Integrated transcriptomics and metabolomics analyses reveal key pathway responses during the grain-filling stage in maize under waterlogging stress

Bujin Zhou^*Shaoli WeiJiaming QinJiaxing ZhengBingwei WangXiu ZhongAnxia HuangJingdan He^*Chengqiao Shi^*

• Guangxi Academy of Agricultural Science, Nanning, China

Crop tolerance to waterlogging significantly influences survival and productivity under waterlogging conditions. Elucidating the molecular mechanisms underlying waterlogging tolerance could facilitate the development of resilient crop varieties through breeding. This study conducted a comparative analysis of the physiological, transcriptional, and metabolic responses of a waterlogging-tolerant maize genotype Guidan162 (GD) and a waterlogging-sensitive genotype Zhaofeng 588 (ZF) during the grain filling stage.
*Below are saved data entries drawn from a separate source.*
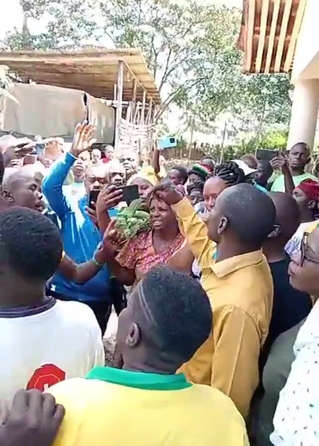 A crowd of people are gathered outdoors. Most of the people in the foreground are facing towards someone out of frame. Many are holding up cell phones, apparently recording. The people appear to be of African descent. Many are dressed in yellow shirts. Some are wearing head coverings. Behind the crowd is a building with a white exterior. A corrugated roof and wood structure are partially visible to the left of the building. Trees are visible above and behind the building. One man in a yellow shirt appears to be speaking.
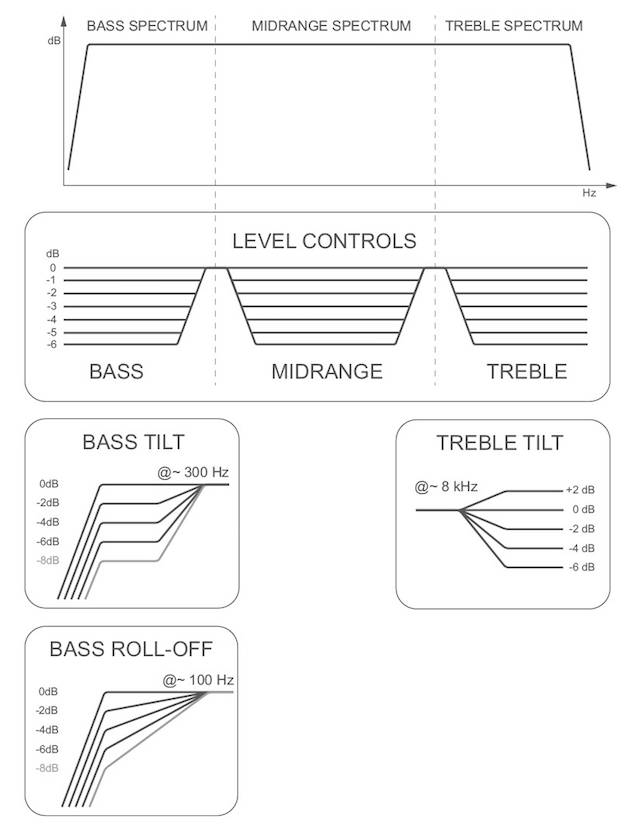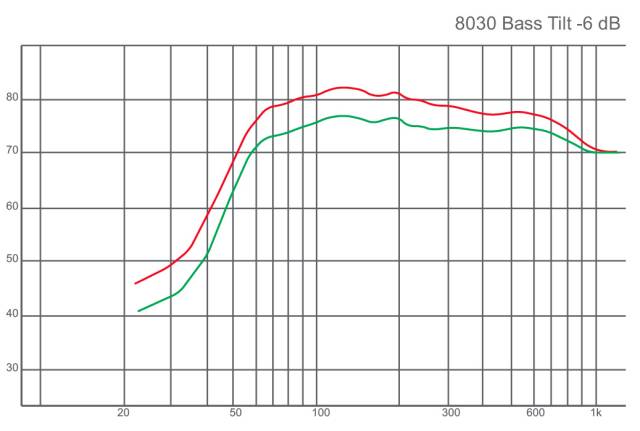 下图是一个音箱靠墙摆放引起低频增多的例子,通过开启低频搁架衰减(Bass Tilt)开关,能够衰减过多的低频,得到较为平直的频率响应。
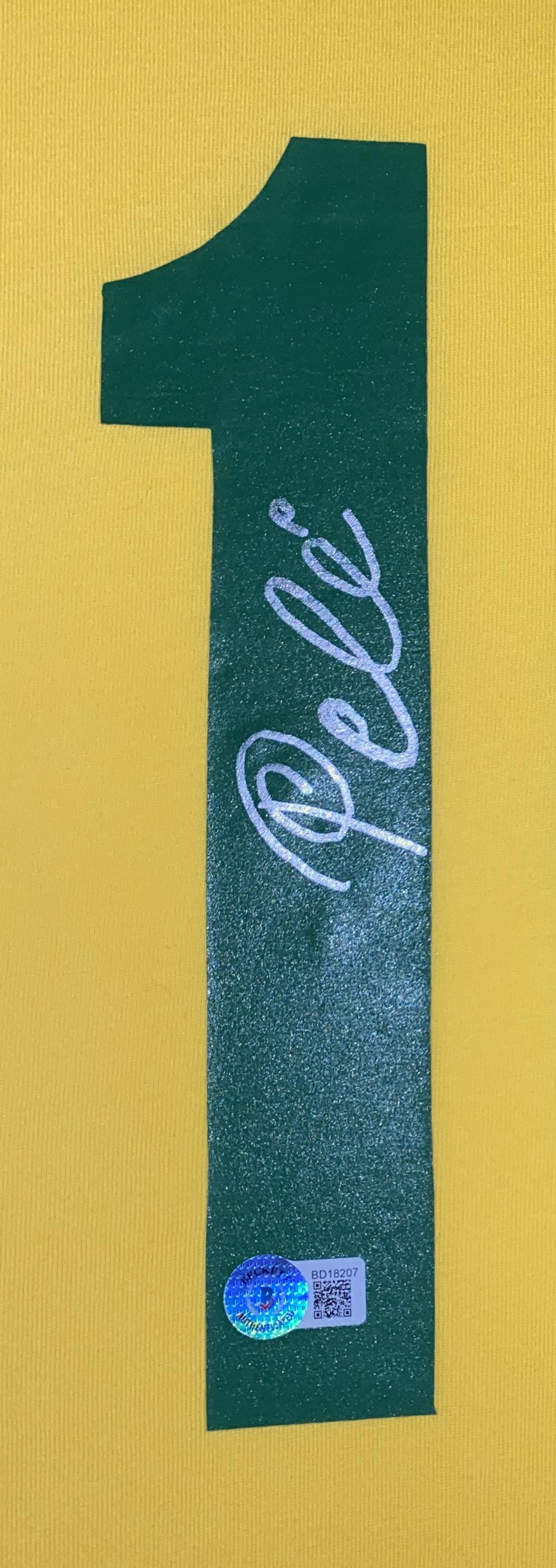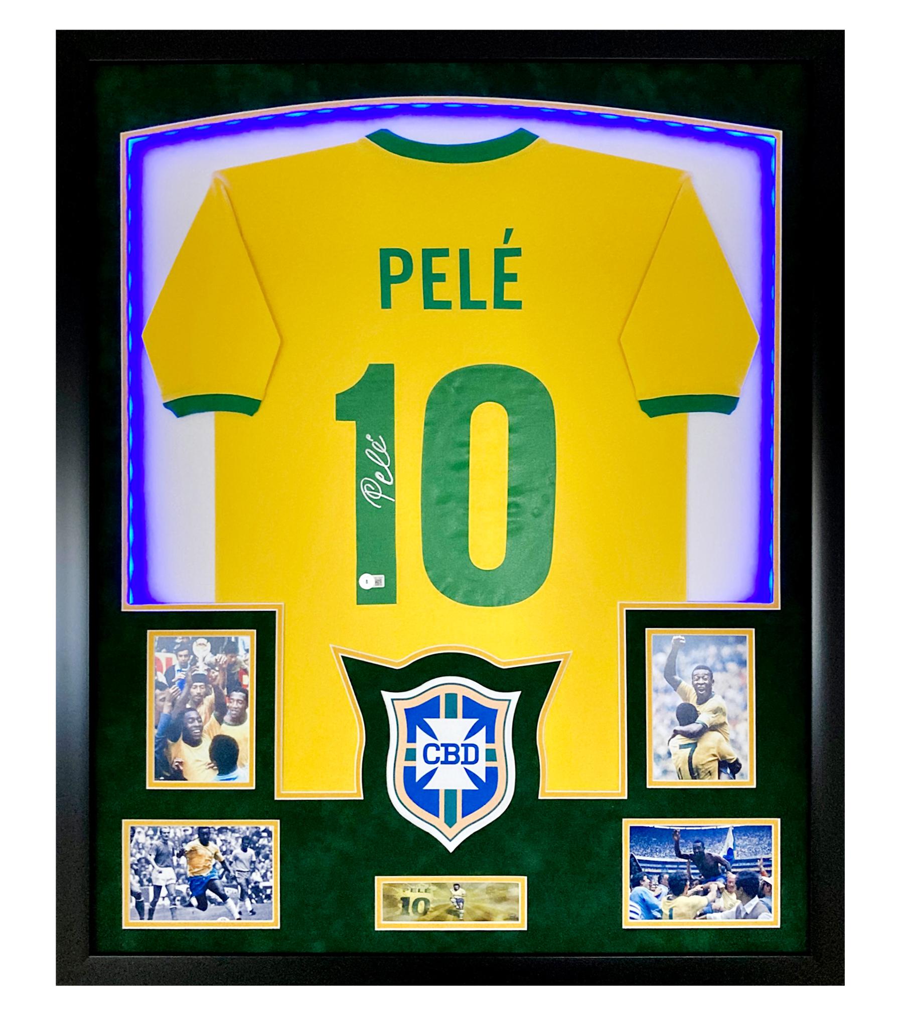 Custom framed, LED back-lit display measures 33" x 42" in size. Features a Brazil National Team jersey that has been hand-signed by Pele (D.2022). USB Powered Bluetooth LED Lights are controlled by an app.
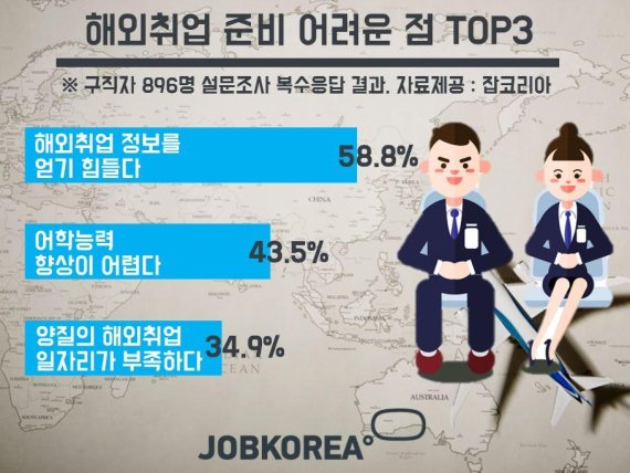 해외취업을 준비하는 구직자 10명 중 8명은 ‘해외취업 정보를 얻기 어렵다’고 생각하는 것으로 나타났다.
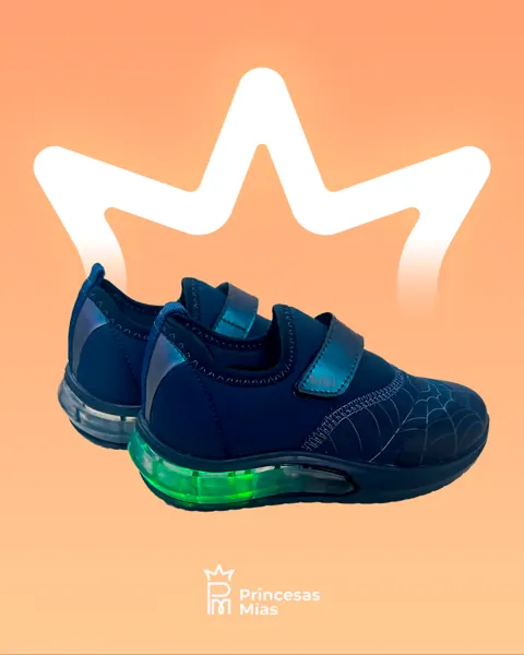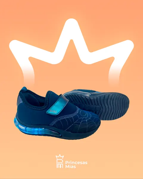 os tenis infantiles Space Wave están fabricados con materiales de alta calidad que garantizan comodidad y durabilidad. Su suela especial cuenta con luces LED que se iluminan con cada paso, haciendo que caminar sea una experiencia divertida para los más pequeños. El diseño incluye un estampado vibrante de telaraña, ideal para estimular la imaginación de los niños y ofrecer un estilo único. Además, incorpora la plantilla Fisioflex, que proporciona una sensación similar a caminar descalzo, promoviendo el desarrollo natural del pie.
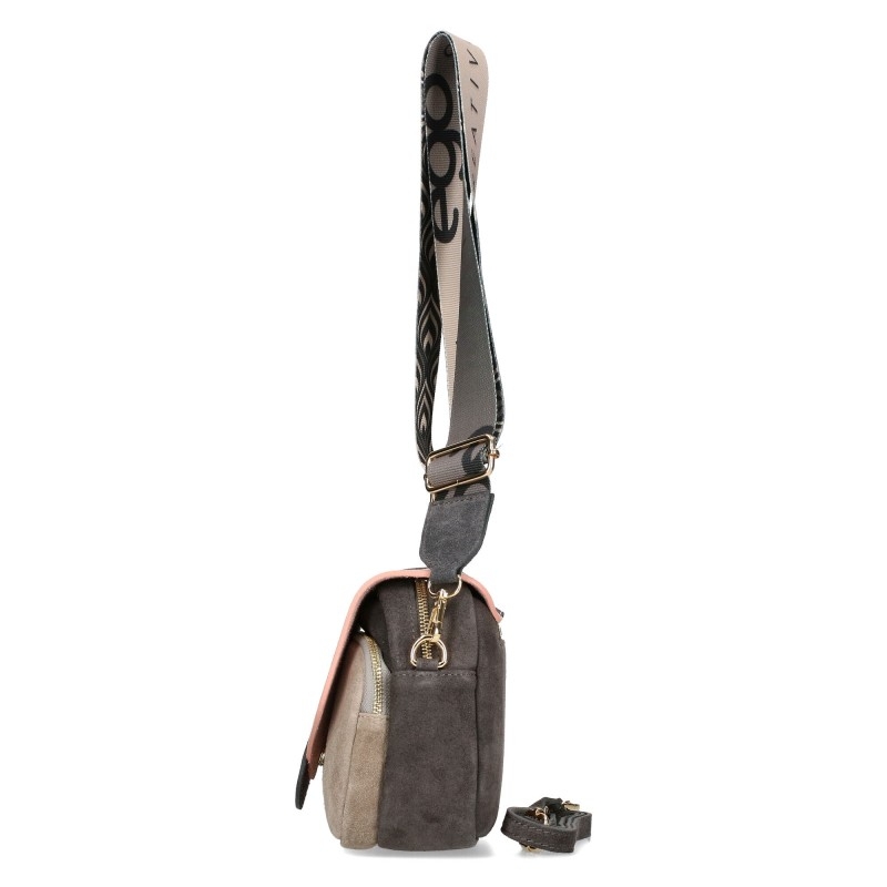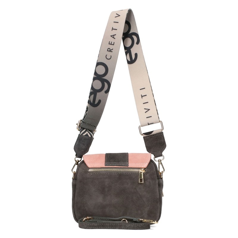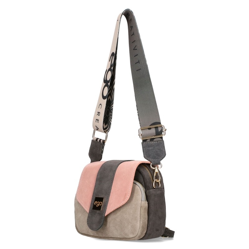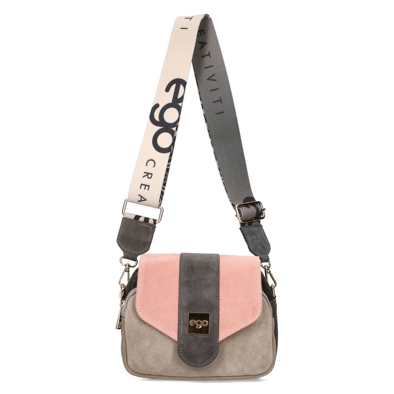 Чанта от естествен велур в сив и розов цвят- EGO 11256

Phenotypic and physiological characteristics indicated that the leaf morphology of maize plants is affected, while the levels of peroxidase (POD) and catalase (CAT) and proline significantly increase under waterlogging stress. Transcriptomic analysis identified 3280 and 2260 differentially expressed genes (DEGs) between normal and waterlogged conditions in GD and ZF, respectively. KEGG enrichment analysis of DEGs revealed that pathways related to plant stress tolerance were enriched, including peroxisome, plant hormone signal transduction, and arginine and proline metabolism. In addition, metabolomic profiling revealed 359 and 209 differentially abundant metabolites (DAMs) in GD and ZF under waterlogging stress. Many of these DAMs participate in arginine and proline metabolism, plant signal transduction, and glutathione metabolism. Integrated transcriptomic and metabolomic analyses highlighted significant enrichment in abscisic acid (ABA) signaling, glutathione metabolism, and proline biosynthesis pathways. Several key candidate genes-including Arginase, PIP, P4H, PYR/PYL, PP2C, SnRK2, ABF, IDH, GPX, GGCT, OXP, and GCL were implicated in conferring waterlogging tolerance. These findings provide new in sights into the complex molecular mechanisms of waterlogging tolerance in maize.